Data supplied »
= = = =

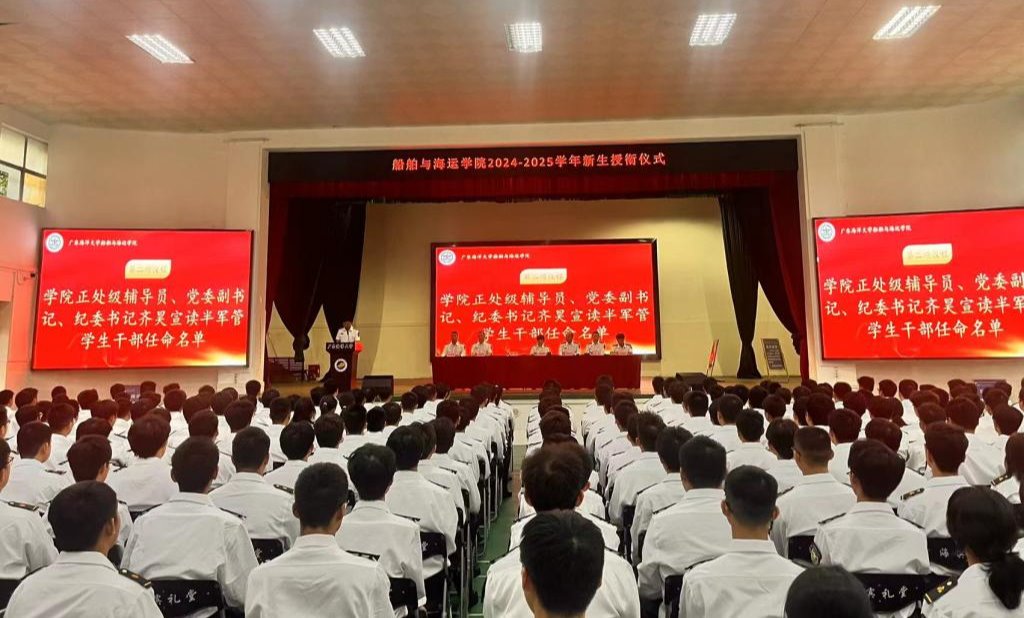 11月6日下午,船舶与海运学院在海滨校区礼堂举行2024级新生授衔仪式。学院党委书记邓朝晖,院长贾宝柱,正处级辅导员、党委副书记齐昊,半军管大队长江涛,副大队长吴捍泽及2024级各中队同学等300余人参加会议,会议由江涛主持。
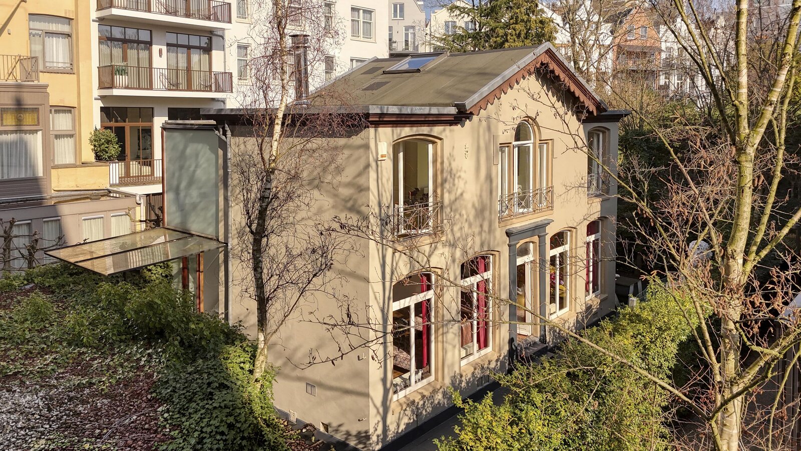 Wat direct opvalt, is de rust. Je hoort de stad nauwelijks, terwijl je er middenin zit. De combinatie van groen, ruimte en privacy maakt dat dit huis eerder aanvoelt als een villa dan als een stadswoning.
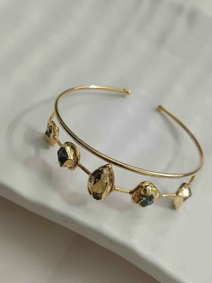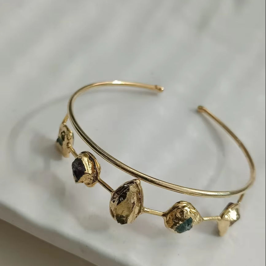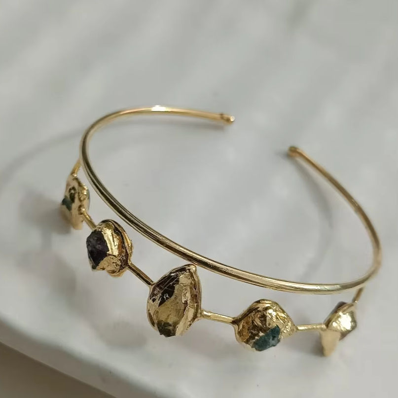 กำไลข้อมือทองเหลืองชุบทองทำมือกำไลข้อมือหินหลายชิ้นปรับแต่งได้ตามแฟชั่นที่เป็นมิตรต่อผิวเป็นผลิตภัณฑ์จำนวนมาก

= = = =

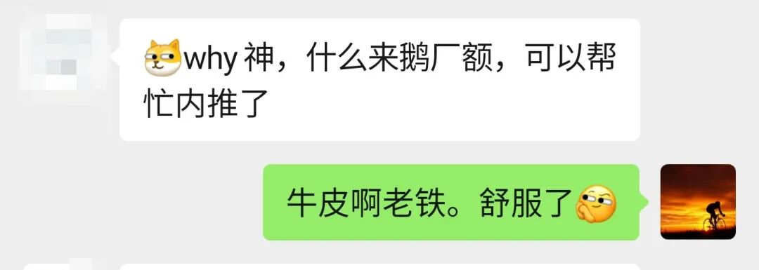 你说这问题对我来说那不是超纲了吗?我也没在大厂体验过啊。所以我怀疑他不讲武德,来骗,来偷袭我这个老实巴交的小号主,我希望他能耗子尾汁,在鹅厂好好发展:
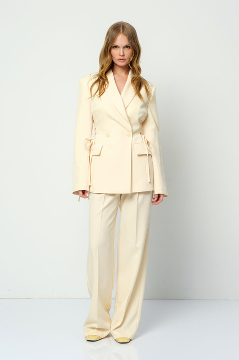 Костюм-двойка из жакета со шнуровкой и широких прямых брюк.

= = = =

Goal of the exercise »
Start at the line containing "Wat direct opvalt, is" above and stop at the line containing "กำไลข้อมือทองเ". Output those lines exactly, both included, but none of the pictures.

Exercise solution »
 Wat direct opvalt, is de rust. Je hoort de stad nauwelijks, terwijl je er middenin zit. De combinatie van groen, ruimte en privacy maakt dat dit huis eerder aanvoelt als een villa dan als een stadswoning.
 กำไลข้อมือทองเหลืองชุบทองทำมือกำไลข้อมือหินหลายชิ้นปรับแต่งได้ตามแฟชั่นที่เป็นมิตรต่อผิวเป็นผลิตภัณฑ์จำนวนมาก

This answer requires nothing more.